The reality is social media can be hurtful, negative, and disruptive IF we allow it.  I remember looking at our kids’ social media applications and noticing that there weren’t any pictures or “check-ins” of their father and I.  In many instances we see the bio parents plastered all over their social media accounts with exclusion of blended family members.  In our case, my husband and I were devoid of existence.  This was hurtful, and at times almost seemed intentional.  What I failed to recognize is that most kids want to feel normal and any small iteration other than whatever normal is, becomes devastating to our teens.   Oh and let’s not forget the hormonal component to all of this in addition!

I would by lying if I didn’t admit that I cringed at times previewing our kids having a weekend blast with their other family only because it seemed so one-sided.  It had seemed intentional because in turn we had done fun activities as well and they had no intention of including us into their social media world.  I realized I had two choices: either I eliminated social media completely or I had to change my perspective completely.  I choose the later.

Instead of taking the exclusion as a negative, I started addressing certain media instances and asking them about it, trying to turn it into a positive.
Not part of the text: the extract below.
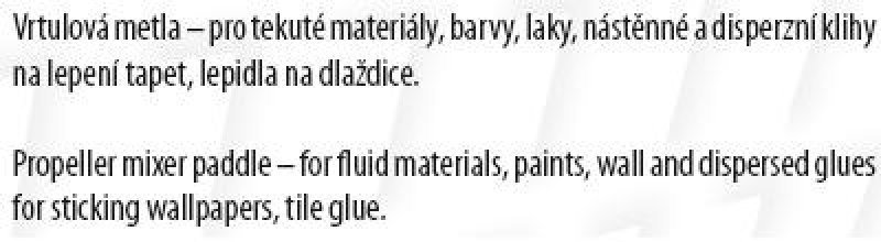 míchadlo - metla vrtule pozinkované průměr 80 mm, délka 500 mm stopka - šestihran použití : pro tekuté materiály, barvy, laky, nástěnné a disperzní klihy na lepení tapet, lepidla na dlaždice, tvar lopatek je uspůsobený tak, aby došlo k dokonslému míchání směsi bez nežádoucího znečištění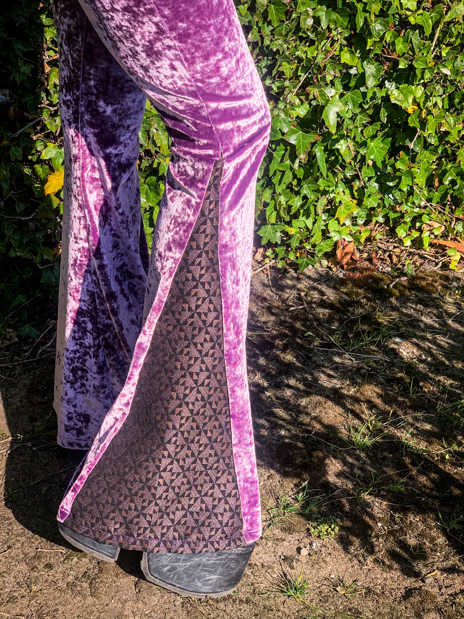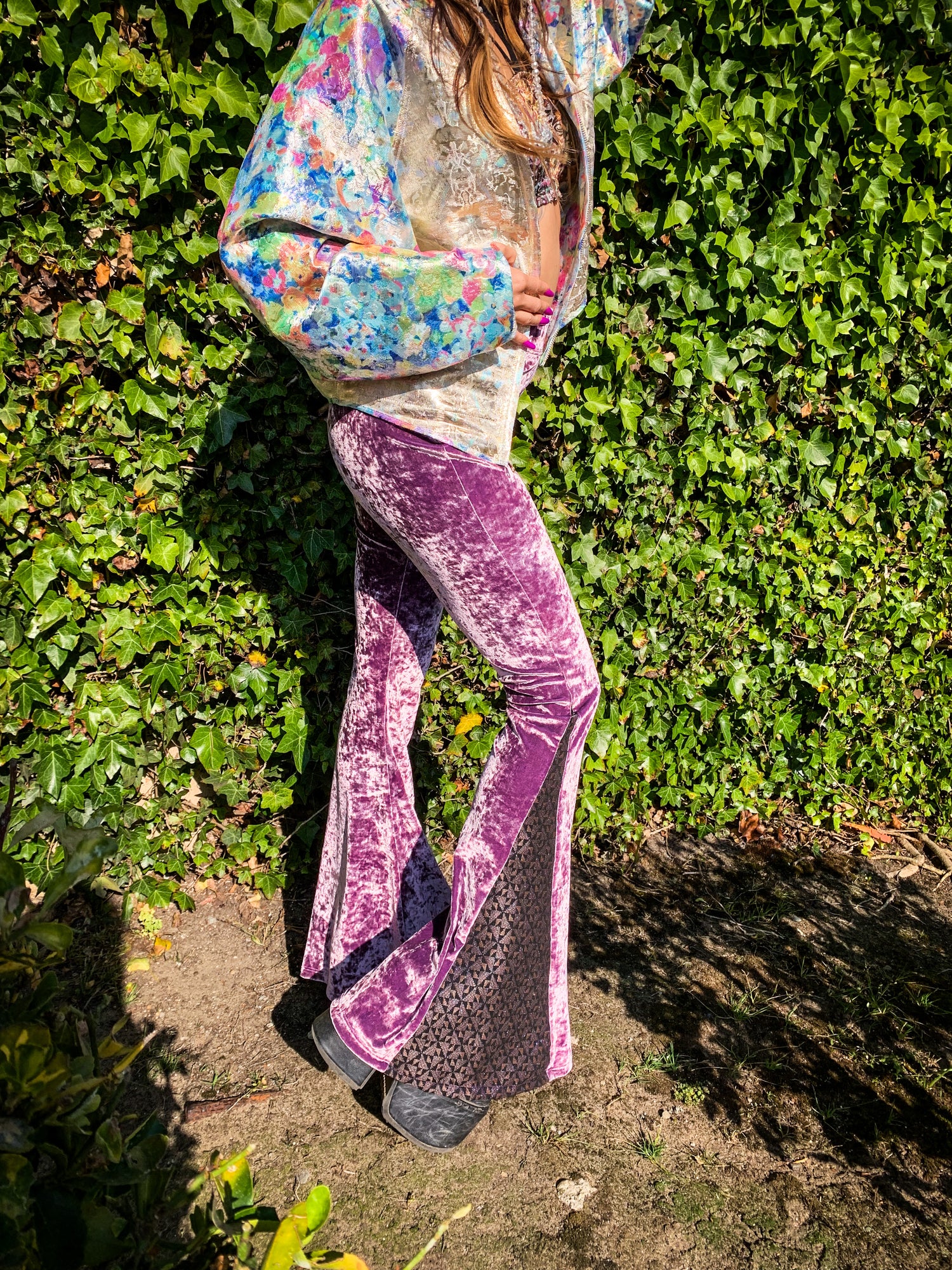 Lavender color high waist crushed velvet flare pants made with luxury crushed velvet fabri and a contrast panel at ankle, thick elastic waistband, stretchy, body hugging fit, it so flattering and comfortable. Glitter free, Moop-free, iridescent sparkle will not fade.

The less I made it about my emotions, and my feelings, the more open our kids were with us.  Cardinal rule number one: TEENS ARE ALL ABOUT ME, MYSELF AND I! Candidly, I wanted to know what they were doing even if my husband and I weren’t included in those applications whatsoever.  The more I was able to open the door with social media, the more they felt comfortable with expressing their thoughts/feelings with us.  I even was able to understand that they had been “punished” by the bio mom if we were included in any social media events/thoughts.  We certainly did not want to do the same in return.

My goal for you is to change your perspective with our teens and social media.  Certainly if there are offensive posts of any parent immediate attention needs to be sought out.  In our teens’ lives, they put so much stress on who they are and how they look we subsequently become the LAST people on earth they want to be seen with.  And honestly, that’s OK! In my opinion, that IS normal! As I see our kids grow older into young adults, I’ve realized being “out” of the social media spectrum, the more we are “in” their daily lives.  The teen years are hard for not only our children and but as parents as well– whether we are a traditional family or blended.  It does get better, but using social media as a way to open the doors for conversation as opposed to creating barriers in order to self serve, will give us the opportunities to gain more perspective into who they really are, not what others think they are.